The thing I like most about my lever gun is the easy of carry. I can pack that gun around all day and not even realize I have a gun in my hands. The thing I like the least about it is the recoil. My shooter is a 45-70. If you've been on this forum for 9 months or so, you may have seen the pictures of the bruise on my shoulder after my first 12 rounds.


----------



## DuaneinND (Jan 22, 2005)

Please don't take this the wrong way, but I am not worried about how fast I can reload my bolt rifle because I don't need a second shot!
I do know fellows who can run their bolt about as fast as any other style action but an autoloader, their accuracy level, well that is why they can work their bolt really fast.


----------



## Wyomingpredator (Oct 16, 2007)

I will agree with faster, that is common sense that a lever is faster and accuracy depends on the shooter and skills to shoot running, I will say generally you take a lever and a bolt and shoot them off a bench at 100 yards ALMOST always the bolt will produce more accurate groups. I capslock always because I found a load for my 300 savage that will shoot 3/8 c to c groups consistanty if I can shoot them. I will not argue with you saying you can shoot faster or more accurate at a running deer because that is all in YOUR ability, I agree with the last guy I very seldom need a second shot and when I do it is not a running shot, so you will outshoot me in accuracy at a running deer., lever or bolt gun


----------



## dfisher (Oct 12, 2007)

One of the nicest and most effective varmit rifles that I have ever seen or handled was a Marlin lever in .218 Bee. What a fun gun that was and deadly out ot 100-150 yards on crows, wood chucks, and the like. Probably would have been a good gun for fox and coyote too.

Of course, it was topped with a scope, which I thin eliminates a lot of the speed that you get with a lever gun. Trying to stay on the target and work that action don't always work out the best. By the same token, in heavy brush with open sights, I'd have to give the nod to the lever.

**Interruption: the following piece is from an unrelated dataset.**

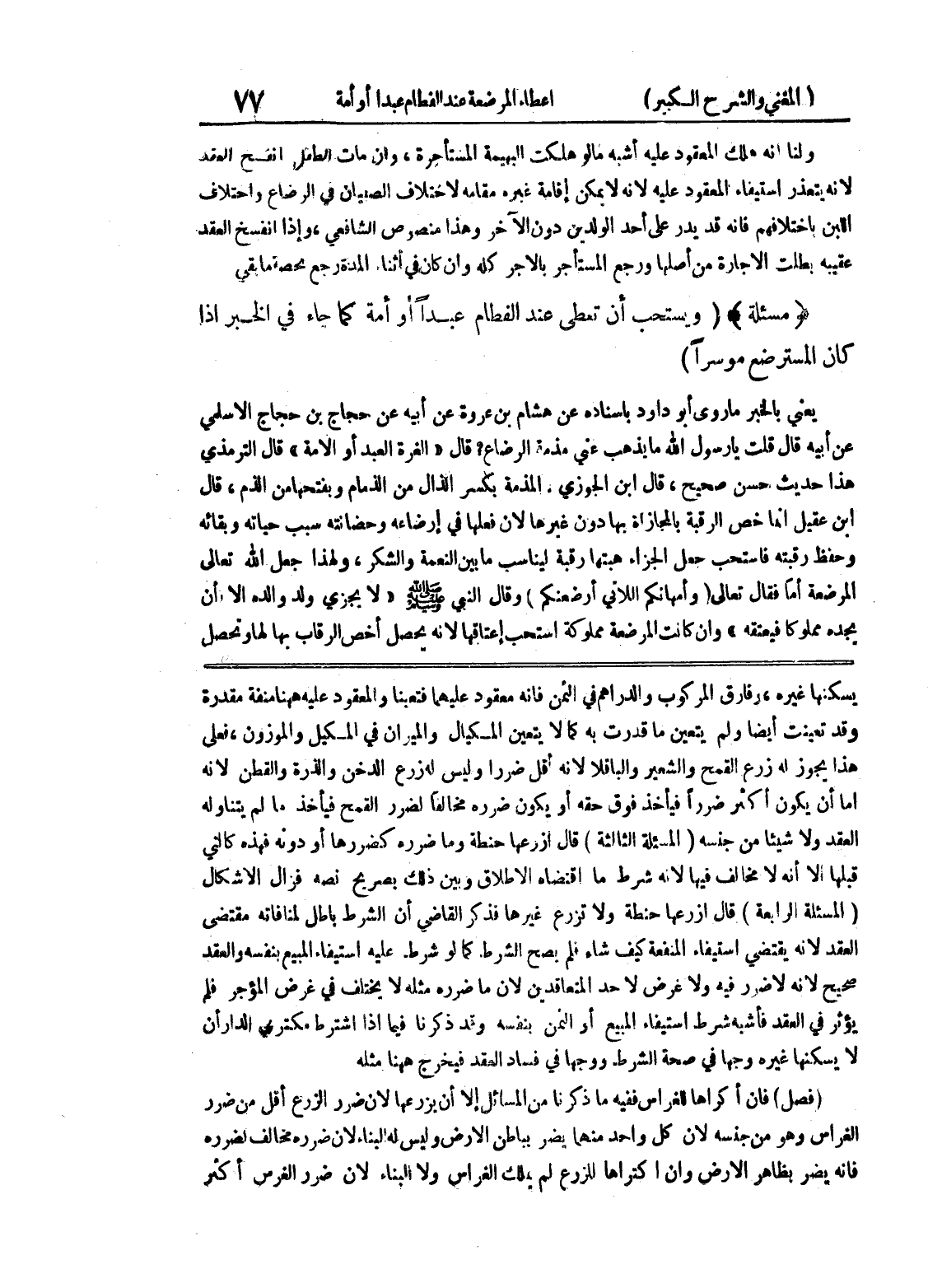 يسكنها غيره، وفارق المركوب والدراهم في الثمن فإنه معقود عليهما فتعينا والمعقود عليه ههنا منفة مقدرة وقد تعينت أيضا ولم يتعين ما قدرت به كما لا يتعين المكيال والميزان في المكيل والموزون، فعلى هذا يجوز له زرع القمح والشعير والباقلا لأنه أقل ضررا وليس له زرع الدخن والذرة والقطن لأنه إما أن يكون أكثر ضرراً فيأخذ فوق حقه أو يكون ضرره مخالفاً لضرر القمح فيأخذ ما لم يتناوله العقد ولا شيئاً من جنسه (المسألة الثالثة) قال ازرعها حنطة وما ضرره كضررها أو دونه فهذه كالتي قبلها إلا أنه لا مخالف فيها لأنه شرط ما اقتضاه الإطلاق وبين ذلك بصريح نصه فزال الإشكال (المسألة الرابعة) قال ازرعها حنطة ولا تزرع غيرها فذكر القاضي أن الشرط باطل لمنافاته مقتضى العقد لأنه يقتضي استيفاء المنفعة كيف شاء فلم يصح الشرط كما لو شرط عليه استيفاء المبيع بنفسه والعقد صحيح لأنه لا ضرر فيه ولا غرض لأحد المتعاقدين لأن ما ضرره مثله لا يختلف في غرض المؤجر فلم يؤثر في العقد فأشبه شرط استيفاء المبيع أو الثمن بنفسه وقد ذكرنا فيما إذا اشترط مكتري الدار أن لا يسكنها غيره وجها في صحة الشرط ووجها في فساد العقد فيخرج ههنا مثله (فصل) فإن أكراها للغراس ففيه ما ذكرنا من المسائل إلا أن يزرعها لأن ضرر الزرع أقل من ضرر الغراس وهو من جنسه لأن كل واحد منهما يضر بباطن الأرض وليس له البناء لأن ضرره مخالف لضرره فإنه يضر بظاهر الأرض وإن اكتراها للزرع لم يملك الغراس ولا البناء لأن ضرر الغرس أكثر

They are both good action types and both have their place and time. I think people associate lever guns with short range work in cover while thining of bolts as being in the relm of the long range gunner. On the other hand, my pops .308 Winchester Mod. 88 has laid out several deer and pronghorns at considerable distance.

Happy holidays,
Dan


----------



## mr.trooper (Aug 3, 2004)

What If the Bolt action is an Enfield? You can Volley fire those as fast as any Lever gun.


----------



## Reddbecca (Dec 29, 2007)

Lever action or bolt action for long range accuracy...there won't be much difference in terms of accuracy if you handload, because you can custom tailor a load to match your rifle and get the most accuracy out of them possible.


----------



## NDTerminator (Aug 20, 2003)

I can't remember the last time I fired more than a single round to kill a deer. Of course, I consider shooting at running deer utter foolishness and don't do it.

So make mine a highly accurate bolt action, preferably a Remington 700 action, with top end glass, fired from a solid rest at a buck that doesn't have a clue I'm in town...

I have a SS Guide Gun in 45-70 which I had tuned and installed a big loop lever and ghost rings. It's quick handling, but the recoil of heavy 45-70 handloads keep it from being "fast". But again, one round tends to be more than sufficient with this little beast...


----------